Главная цель Stolorow в мире, аффективность, травма – показать, как современный психоанализ может быть обогащен путем интеграции экзистенциальной философии в ее концепции. Столоров, ученый, специализирующийся на работе возвышающейся фигуры экзистенциальной философии, Мартин Хайдеггер (1889-1976), сначала вводит читателя в центральные понятия мысли Хайдеггера.

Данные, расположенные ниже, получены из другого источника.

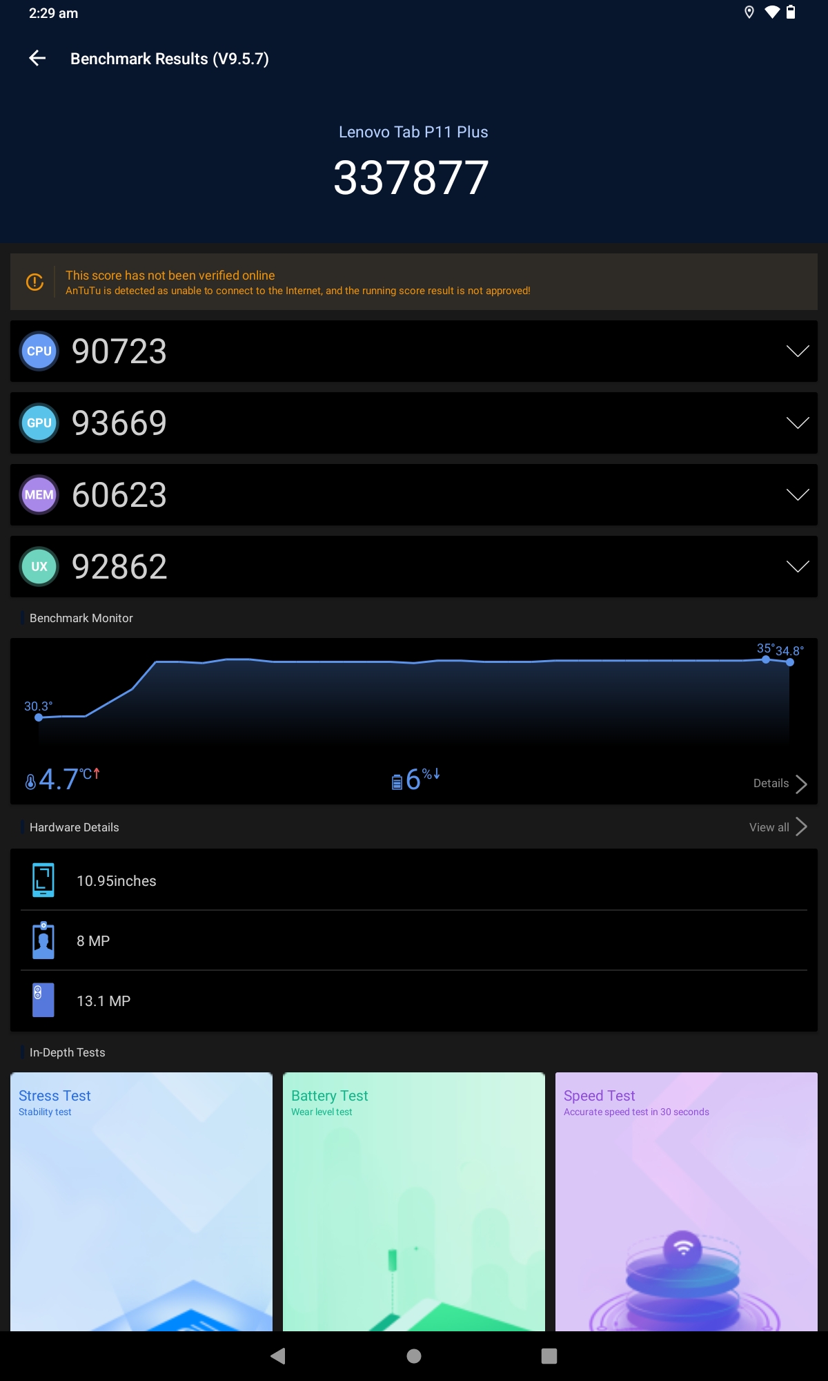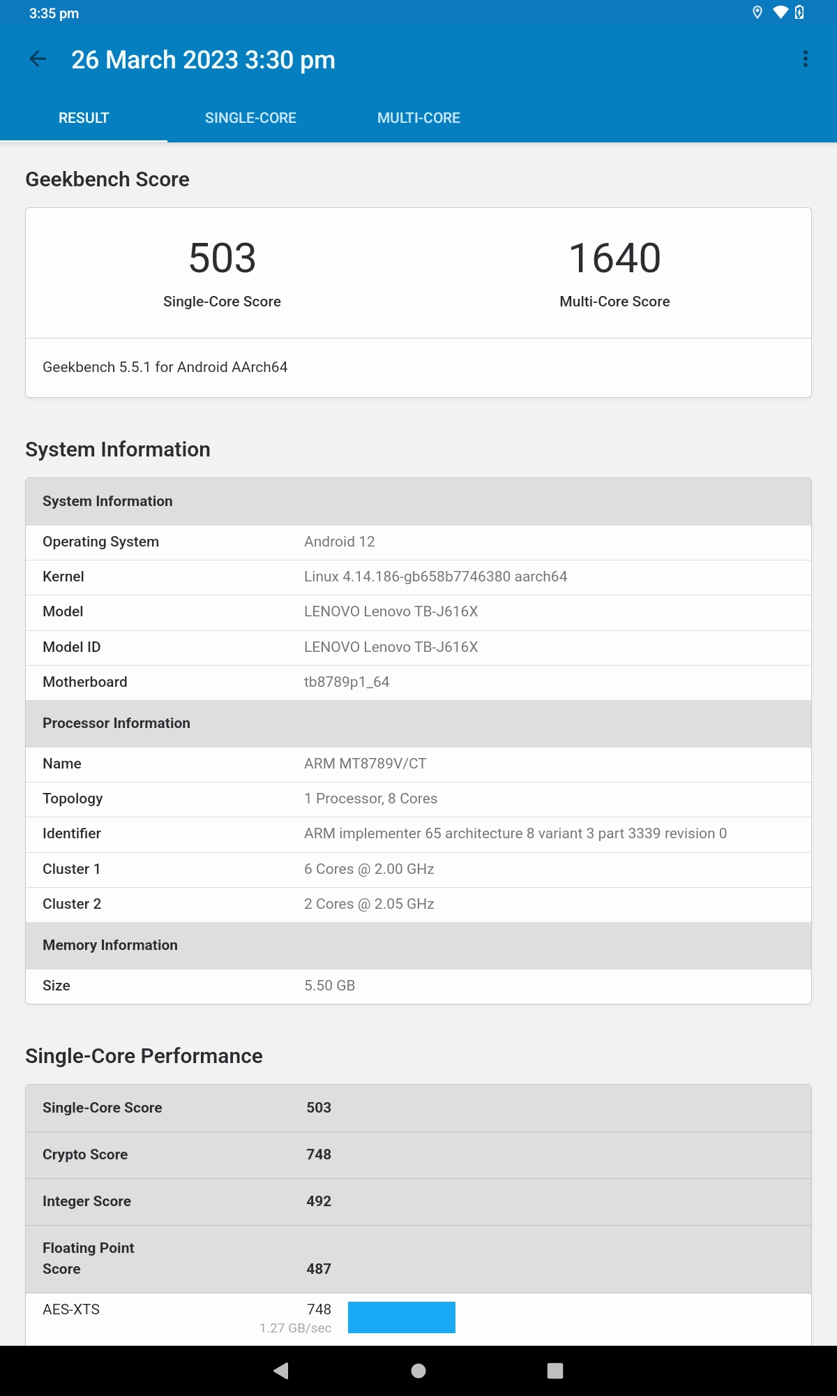 The tablet’s performance is not affected when using multiple applications at the same time or switching between them. For basic computing tasks, the overall user experience is smooth and satisfactory. The Helio G90T chipset performs similarly to the Snapdragon 750G, which is found in devices like the Galaxy Tab S7 FE. In Geekbench 5, the P11 Tab Plus achieved a score of 503 points in the single-core test and 1640 points in the multi-core test. It also achieved a score of 337,877 points on the AnTuTu benchmark test.

Основной тезис Хайдеггера состоит в том, что люди живут в мире, структурированном по связям с повседневным значением, которое направляет нашу повседневную жизнь: мы придерживаемся неоспоримого признания нашей социальной идентичности, нашей связи с близкими нам и остальными нашего социального мира. Мы в основном движемся в наборе четко определенных обязательств и ролей, которые мы принимаем как должное.

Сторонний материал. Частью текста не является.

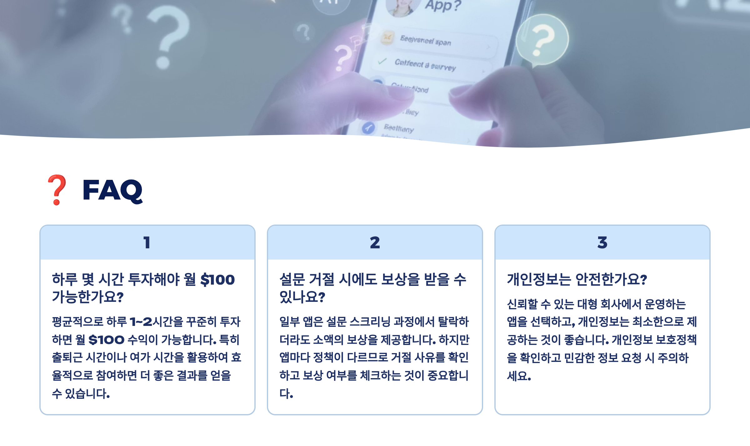 마지막으로, 설문앱은 본업을 대체할 수 있는 수입원은 아니에요. 하지만 용돈벌이나 생활비 보조 수단으로는 충분히 가치가 있어요. 특히 학생이나 주부, 은퇴자분들에게는 좋은 부수입원이 될 수 있죠. 중요한 건 꾸준함이에요. 매일 조금씩이라도 하다 보면 어느새 목돈이 모여 있을 거예요! 💪
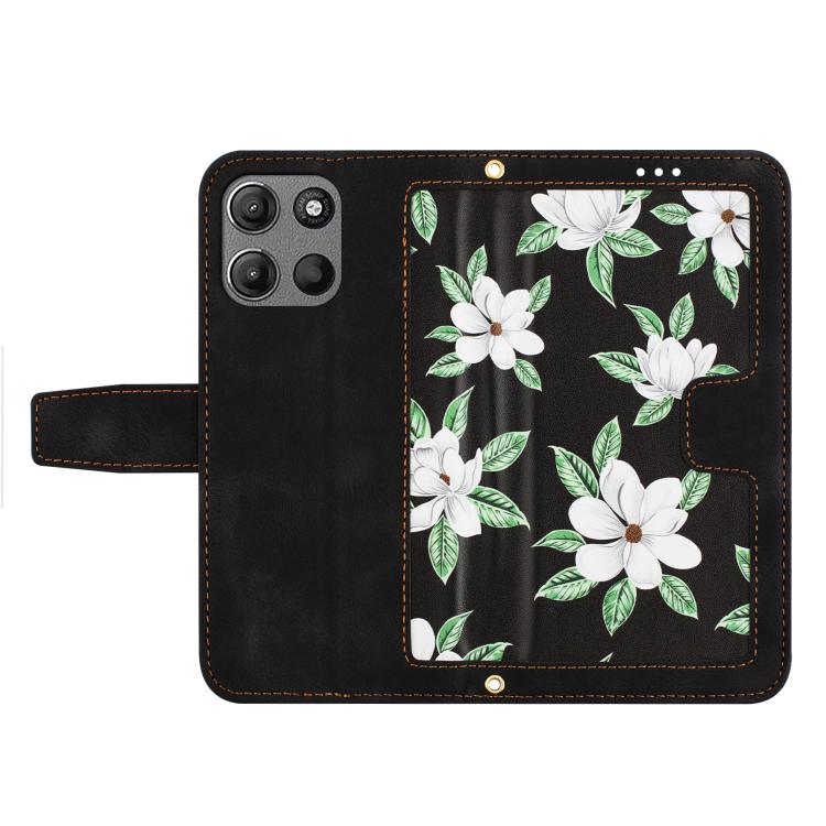 Funda de Cuero con Estampado Floral y Cordón para Motorola Moto G 5G (2025) (Negro)

За этим, утверждает Хайдеггер, скрывается экзистенциальная структура человеческого существования: мы – конечные существа; делая выбор все время, живя в горизонте наших знаний, что мы конечны: в какой-то момент мы умрем. Полное осознание истины нашего существования порождает невыносимую экзистенциальную тревогу: на самом деле мы охвачены ничтожеством: все наши выборы могут быть разными; и все они совершенно окончательны: поскольку время ограничено, каждый выбор, который мы делаем, уничтожает все варианты, которые мы не понимали.
Люди не могут жить с экзистенциальным беспокойством, которое сопровождается полным сознанием глубокой структуры нашего существования. Следовательно, чтобы выжить в психологическом плане, мы живем в том, что Хайдеггер называет состоянием недостоверности; мы цепляемся за систему повседневного значения, которая дает нам структуру, смысл и безопасность.

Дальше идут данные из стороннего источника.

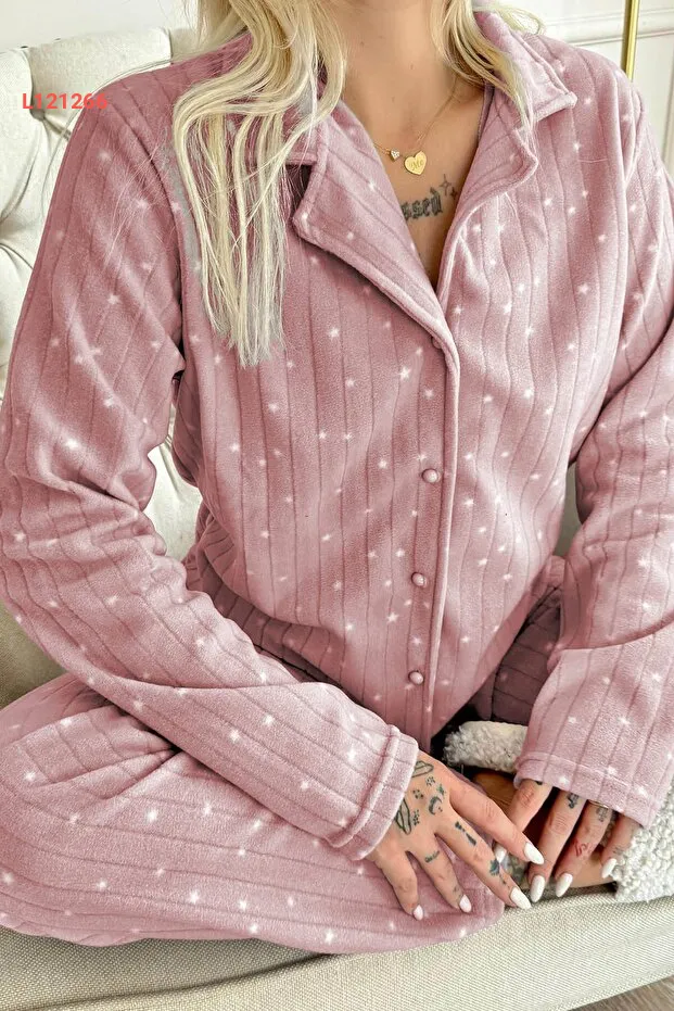 استمتع بالراحة والأناقة مع بيجامة Pijamaevi الوردية المزخرفة بتصميم القمر! تأتي هذه البيجامة بأزرار أمامية و مصنوعة من الفرو الناعم، مما يوفر لك دفءً مثاليًا في ليالي الشتاء. مثالية للاسترخاء في المنزل أو قضاء ليلة هادئة مع الأصدقاء!
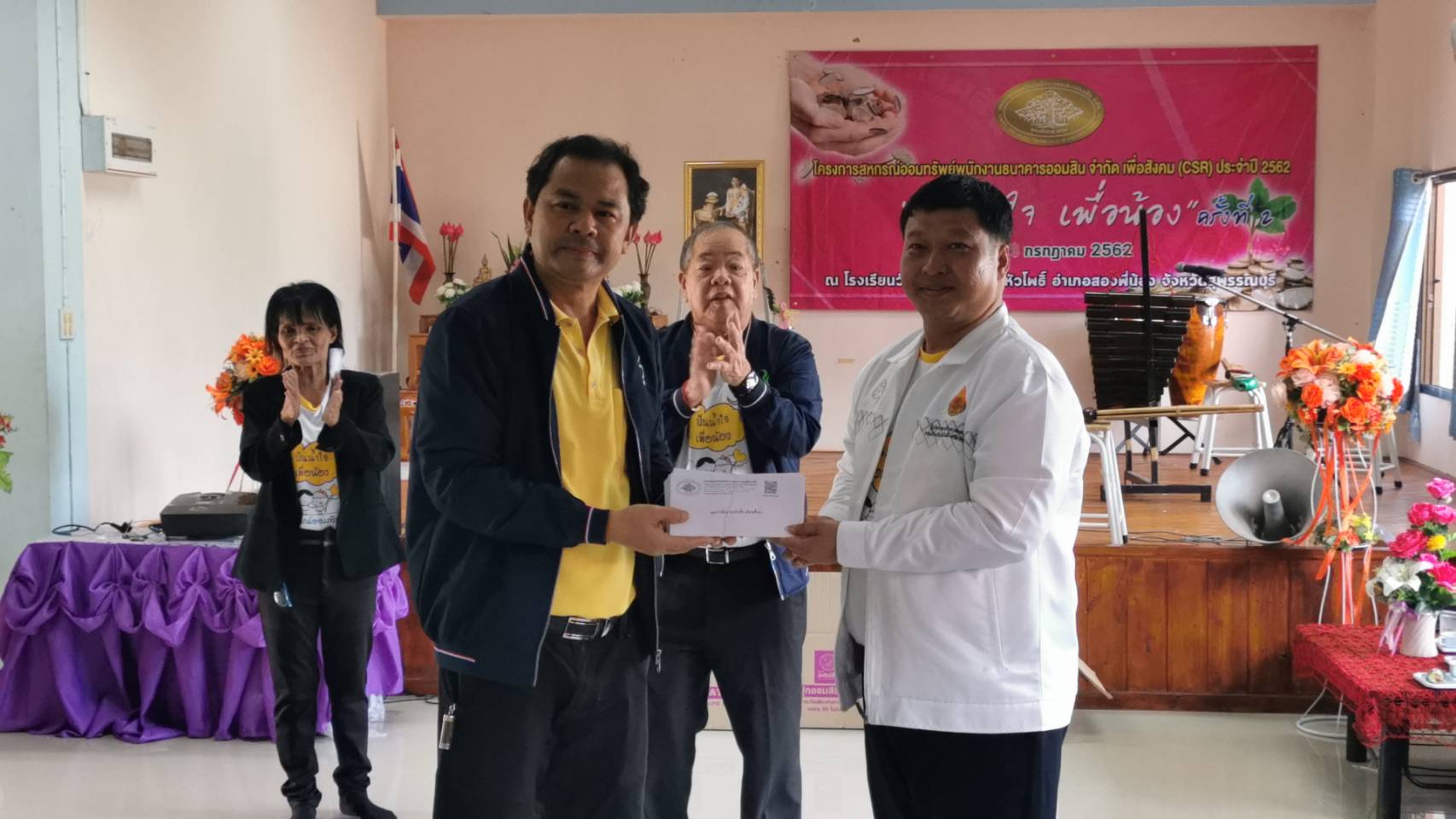 ที่ จ.สุพรรณบุรี สหกรณ์ออมทรัพย์พนักงานธนาคารออมสิน จำกัด ได้จัดโครงการสหกรณ์ออมสินเพื่อสังคม (CSR) กิจกรรม “ปันน้ำใจ เพื่อน้อง” ครั้งที่ 2 ประจำปี 2562 ณ โรงเรียนวัดบางบอน ตำบลหัวโพธิ์ อำเภอสองพี่น้อง จ.สุพรรณบุรี โดยมอบทุนการศึกษาจำนวน 281 ทุนเป็นเงินจำนวนเงิน 172,000 บาท ทุนอาหารกลางวันจำนวน 50,000 บาท ทุนอุปกรณ์การศึกษา 30,000 บาท อุปกรณ์กีฬาจำนวน 10,000 บาท คอมพิวเตอร์ และเครื่องปรับอากาศ จำนวน 100,000 บาท รวมเป็นเงินทั้งสิ้น 362,000 บาท นอกจากนี้ยังมอบกระปุกออมสินซึ่งมีตราสัญลักษณ์ ร.10 ให้แก่คณะครูและเด็กนักเรียนไว้เก็บออมเงินอีกด้วย

Мир, Affectivity, Trauma разъясняет характер травмы, используя феноменологию Хайдеггера человеческого существования. В Травме система повседневного значения, которую мы считаем само собой разумеющимся, внезапно разваливается, и мы сталкиваемся с незащищенностью нашего существования жестоко.

Феноменология травмы Столорова необычайно жива в его остром описании центрального травматического события в его жизни: в 1990 году его жена Деде неожиданно умерла в возрасте 35 лет. У них были очень тесные отношения; их объединяет богатый, плотный набор общих смыслов, включающий также профессиональное сотрудничество.

Столоров ярко описывает, как в последующие годы его система повседневного значения снова и снова рушилась. Например: в разгар конференции с уважаемыми коллегами из многих лет все событие и люди в нем внезапно полностью опустели от всего смысла: «Значение моего профессионального мира рухнуло в бессмысленность. Конференция и мои друзья ничего мне не предложили; Я был приглушен к ним; отчуждены от них. Я чувствовал себя странно: как странное и чуждое существо, а не этого мира »(стр. 43)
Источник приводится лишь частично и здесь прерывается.